This is so different from today's prevalent attitude, reflected by people expecting Hashem's gifts because they feel they deserve them. Yaakov Avinu sets the standard by which we should live. This principle should apply to every endeavor: from having children; to earning a livelihood; to success in Torah study. It is all the result of Hashem's graciousness. The sooner we recognize and appreciate the Source, the quicker and more stable will be the result.

Va'ani Tefillah

V'tigmaleinu chasadim tovim. And bestow upon us beneficient kindness. Horav Eliyahu Lopian, zl, explains that v'tigmaleinu is derived from the word, gemul, which means reparation/reward. Hashem bestows great kindness upon us as reward for our positive activities in serving Him. What makes this chesed especially tov, inherently good, is the fact that Hashem does not grant this kindness as a matnas chinam, free gift. It is instead a reimbursement for serving Him. In this manner, we are not subject to receiving nahama d'kesufa, bread of shame, an allegory for an undeserving gift, bread given to a poor man who has not earned it. No, Hashem bestows chassadim tovim by being gomeil, repaying us for what we deserve.

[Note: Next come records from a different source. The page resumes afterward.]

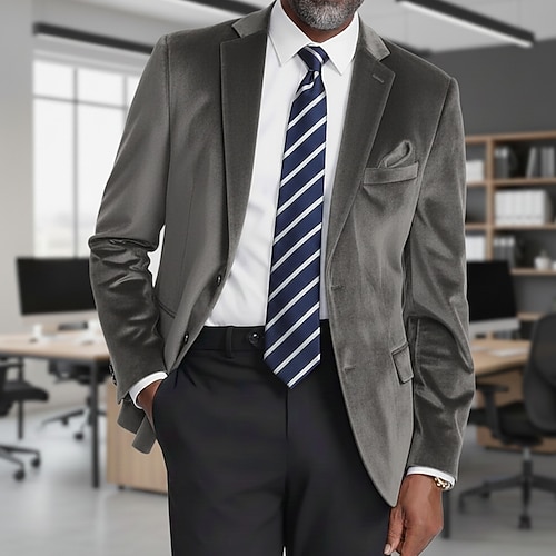 giacca blazer in velluto da uomo, colletto a lancia, classica, casual, da ufficio, tinta unita, nera, blu navy, marrone, vestibilità su misura, monopetto, due bottoni
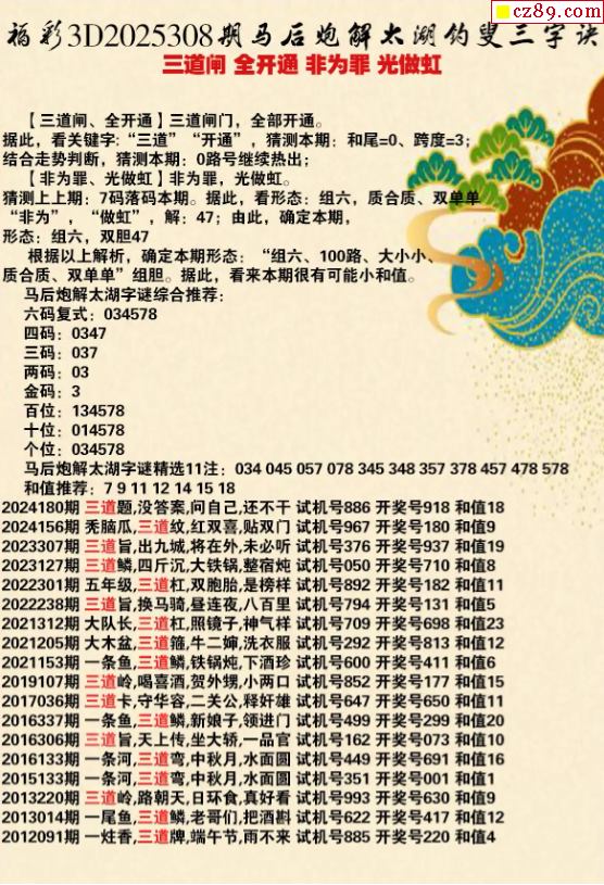 马后炮解25年308期3d太湖钓叟之 三道闸
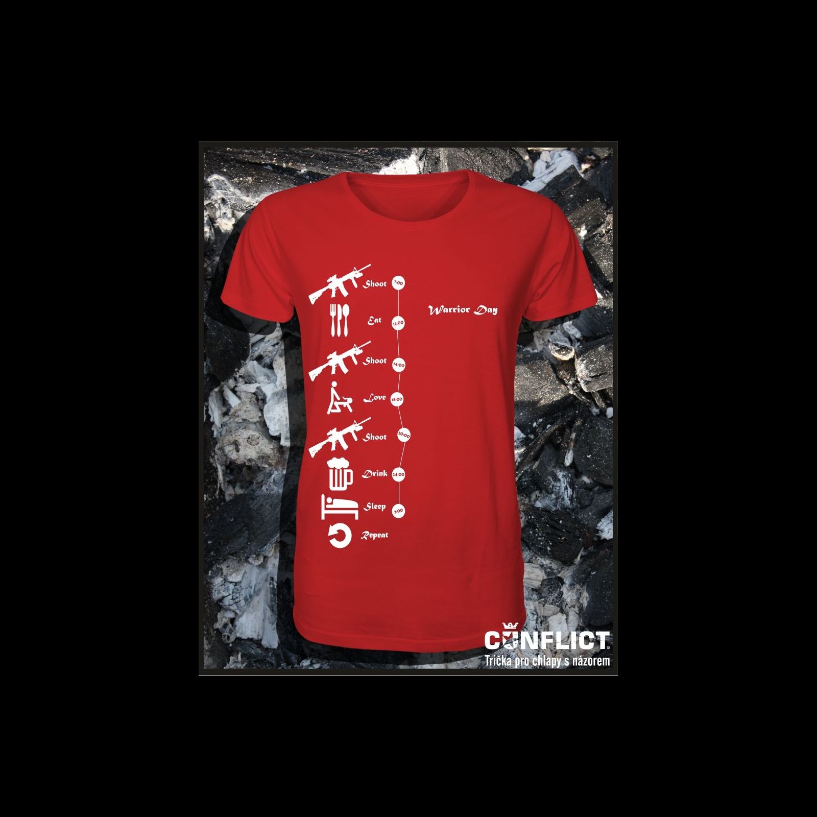 - hlavní velký potisk je vepředu napravo - rozvrh dne válečníka, na levém prsu je pak doplňující text Warrior Day
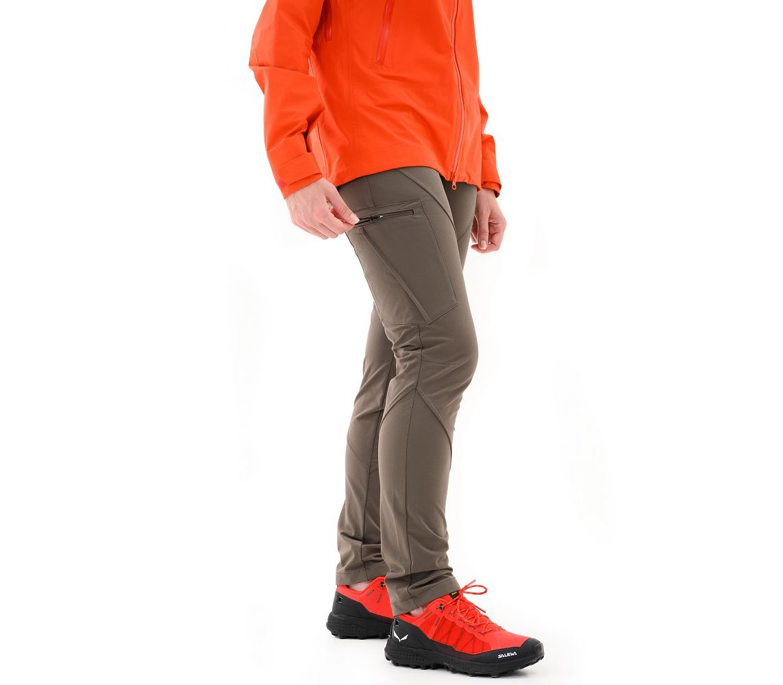 Легка Softshell тканина з водовідштовхуючим DWR покриттям захищає від мінливої гірської погоди, вологості чи вітру. Штани мають дві кишені на блискавці згори та одну велику кишеню з боку, що закривається. Це ідеальний вибір для трекінгу, коли шукаєш максимально зручний одяг, який не заважатиме долати задумані висоти.
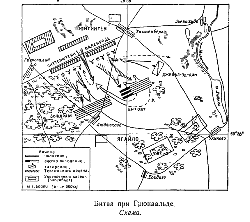 Рано утром 15 июля стояла ясная теплая погода. Польско-литовская армия в походном порядке двигалась по дороге на Гогенштайн. Впереди шли русско-литовские войска, за ними польские. Поднявшийся ветер вскоре нагнал тучи. Пошел частый дождь. Дорога и лесные тропинки размокли, войскам стало тяжело идти, повозки с артиллерией и припасами вязли в грязи. Пройдя около десяти километров, войска остановились и разбили лагерь в лесистой местности между деревнями Логдово и Ульново. Небо опять прояснилось, и засияло солнце. Король Ягайло приказал поставить на холме палатку для богослужения, а сам любовался со склонов холма широко раскинувшимся лагерем союзных войск. На полянах и среди групп деревьев были поставлены повозки двумя четырехугольниками: польские — у Логдово, литовские — около Ульново, на берегу озера Любень. Лошади табунами паслись вокруг лагеря. Кое-где дымились костры — воины сушили одежду, готовили пищу. Между кострами виднелись груды оружия, сложенного поблизости, чтобы в случае тревоги каждый мог взять свое. Солнце жгло немилосердно, и большая часть воинов расположилась в рощах, где в тени вековых деревьев была прохлада. Тотчас после остановки командовавший польской армией старый и опытный военачальник мечник Зындрам из Машковиц выслал разъезды в сторону Танненберга для осмотра местности. Вскоре были получены первые донесения о приближении войск Ордена. По распоряжению Зындрама несколько польских хоругвей оседлали лошадей, изготовились к бою и выдвинулись к Людвиково. Вооружение поляков было хорошим, лошади большого роста, воины хорошо обученные и опытные в ратном деле, не уступающие ни в чем западноевропейским рыцарям. Великий князь Витовт также начал собирать литовско-русские хоругви. Он готовил их к бою и отдавал приказы на случай внезапного нападения противника. Одновременно Витовт зорко всматривался в туманные дали на севере. Было видно, как на возвышенной местности между Грюнвальдом и Танненбергом выстраивались колонны рыцарей. Немцы, сделав ночью в проливной дождь марш не менее двадцати пяти километров, сильно растянулись. Теперь под палящим солнцем они медленно подходили и строились в три боевые линии. На холме у Танненберга развевалось большое квадратное знамя гроссмейстера Тевтонского ордена с широким черно-золотым крестом. В центре креста на золотом щите виднелось изображение прусского одноглавого орла с общипанным хвостом. Над рядами орденских войск колыхались знамена комтуров городов, рыцарских замков и флаги германских княжеств. Среди сверкавших доспехов и шлемов рыцарей там и тут были видны белые плащи орденских братьев с черными крестами на груди. Комтуров можно было узнать по пучкам перьев, развевавшихся на шлемах. Местность, выбранная для сражения, простиралась от Грюнвальдского леса до болот к востоку от Танненберга. Равнина местами вздымалась холмами, местами пересекалась оврагами. Высокая, блестевшая каплями росы, трава изумрудным ковром покрывала все вокруг, кое-где виднелись группы деревьев, потом перелески, и вдали синели громадные вековые леса. В это время в лагере польско-литовских войск король Ягайло закончил богослужение, облачился в доспехи и приказал воинам привязать пучки соломы к шлемам и головным повязкам, чтобы в разгар сражения было легче отличить своих от неприят

Horav Yehudah Leib Chasman, zl, compares this to a wealthy man who went bankrupt and is now forced to go from door to door seeking alms. While this person is prepared to do what he must to sustain his family, he is overwhelmed with embarrassment. What does he do? He becomes a peddler selling trinkets in the market. He charges four times the going rate for his wares. The people accept this overcharge, knowing fully well that it is a form of charity which they are extending to the man. He no longer feels a sense of shame; he is in business. Hashem does the same for us, by allowing us to earn the kindness He bestows upon us.